In a significant legal blow to the administration’s trade policy, the U.S. Supreme Court ruled 6-3 on February 20, 2026, that President Donald Trump overstepped his constitutional authority by using emergency laws to bypass Congress and unilaterally impose global tariffs. The majority opinion, authored by Chief Justice John Roberts, clarified that while the International Emergency Economic Powers Act (IEEPA) allows the president to regulate trade during a national emergency, it does not grant the power to set or collect taxes, an authority the Framers reserved exclusively for the legislative branch. This ruling effectively invalidates billions of dollars in “Liberation Day” duties and fentanyl-related levies that had been applied to imports from Canada, Mexico, and China.

The court’s decision relied heavily on the “major questions doctrine,” asserting that the executive branch cannot rely on vague or ambiguous language in a statute to justify actions of vast economic and political significance. By rejecting the administration’s claim that trade deficits and fentanyl trafficking constituted an “emergency” sufficient to trigger taxation powers, the court reasserted the separation of powers. However, the ruling specifically returns the case to the lower courts to resolve the logistical nightmare of refunding an estimated $160 billion in illegally collected revenue.

Within hours of the stinging rebuke, President Trump signaled he would not abandon his protectionist agenda.
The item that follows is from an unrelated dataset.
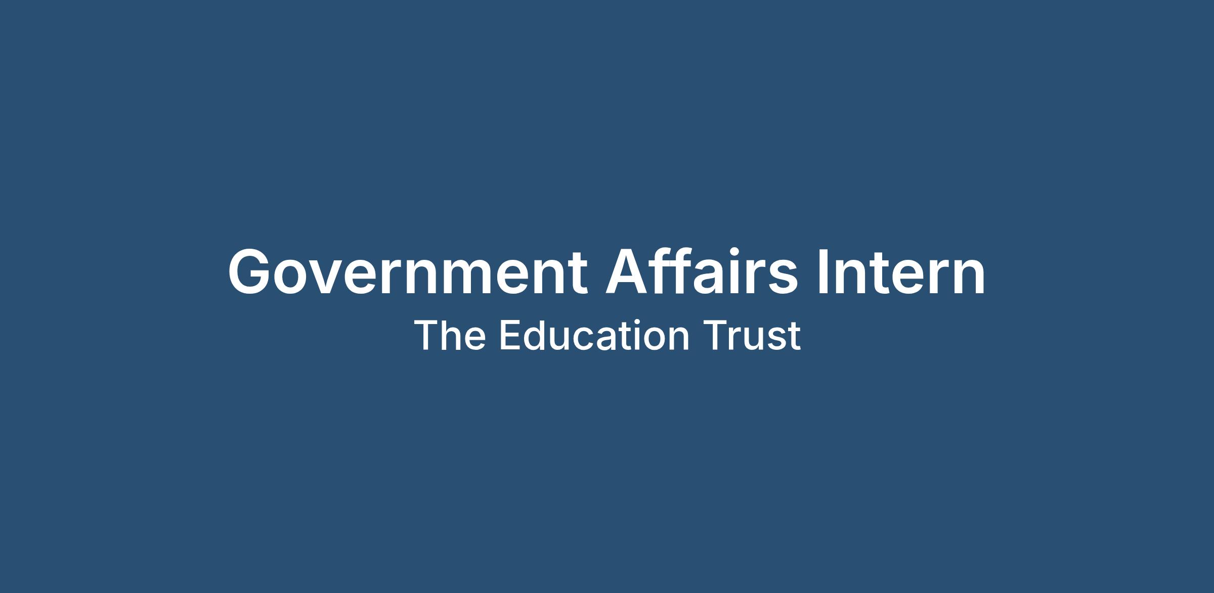 The Education Trust (EdTrust) seeks a Government Affairs (GA) Intern to join the organization’s GA team for Spring & Summer 2026. The GA Intern will assist the GA team in the development and execution of effective legislative strategies to advance EdTrust’s federal policy goals across early childhood, P-12, and higher education. The GA Intern will accompany the GA team in meetings with partner organizations, Congress, the Department of Education, the White House, and other federal actors, and will be expected to stay abreast of activity in the federal education space.
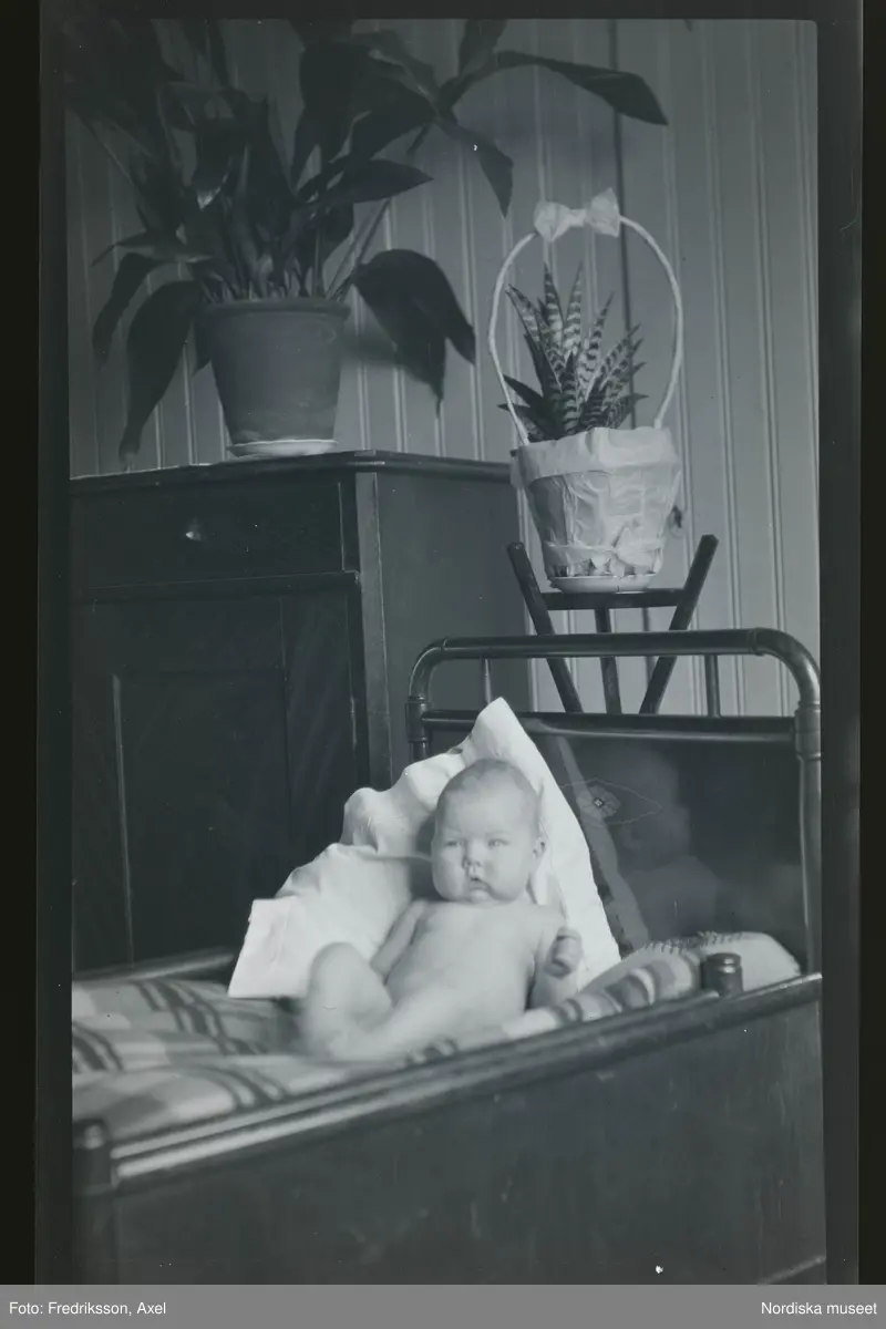 Porträtt av ett litet barn i en säng.

During an emergency White House briefing, he announced a new executive order to impose a 10 percent global tariff under Section 122 of the Trade Act of 1974. This law allows the president to take temporary measures to address large and persistent balance-of-payments deficits. Unlike the broad IEEPA authority, Section 122 carries a strict 150-day limit, after which the tariffs must be extended by an act of Congress to remain in effect. Trump described the court’s ruling as a “disgrace” and vowed that his “Plan B” would ultimately collect even more revenue than the invalidated measures.

Industry experts and legal scholars warn that the transition to this new legal framework may trigger fresh rounds of litigation and market volatility. While the 10 percent levy is designed to be a baseline, it remains unclear how it will interact with existing sector-specific duties. Crucially, the Supreme Court ruling does not affect tariffs imposed under Section 232 (national security) or Section 301 (unfair trade practices). This means that higher duties on Canadian steel, aluminum, and automobiles, as well as separate tariffs on Chinese electronics, remain fully operational.

For Canada and Mexico, the ruling provides a temporary reprieve from the broad reciprocal tariffs, but the threat to North American supply chains persists. While CUSMA-compliant goods had previously received some exemptions, the new global baseline tariff could potentially strip away those protections unless specific carveouts are negotiated within the next 72 hours before the order takes effect. The Canadian Chamber of Commerce has already urged the federal government to prepare for “blunter mechanisms” as the administration seeks to rebuild its “tariff wall” through more legally sustainable, albeit temporary, avenues.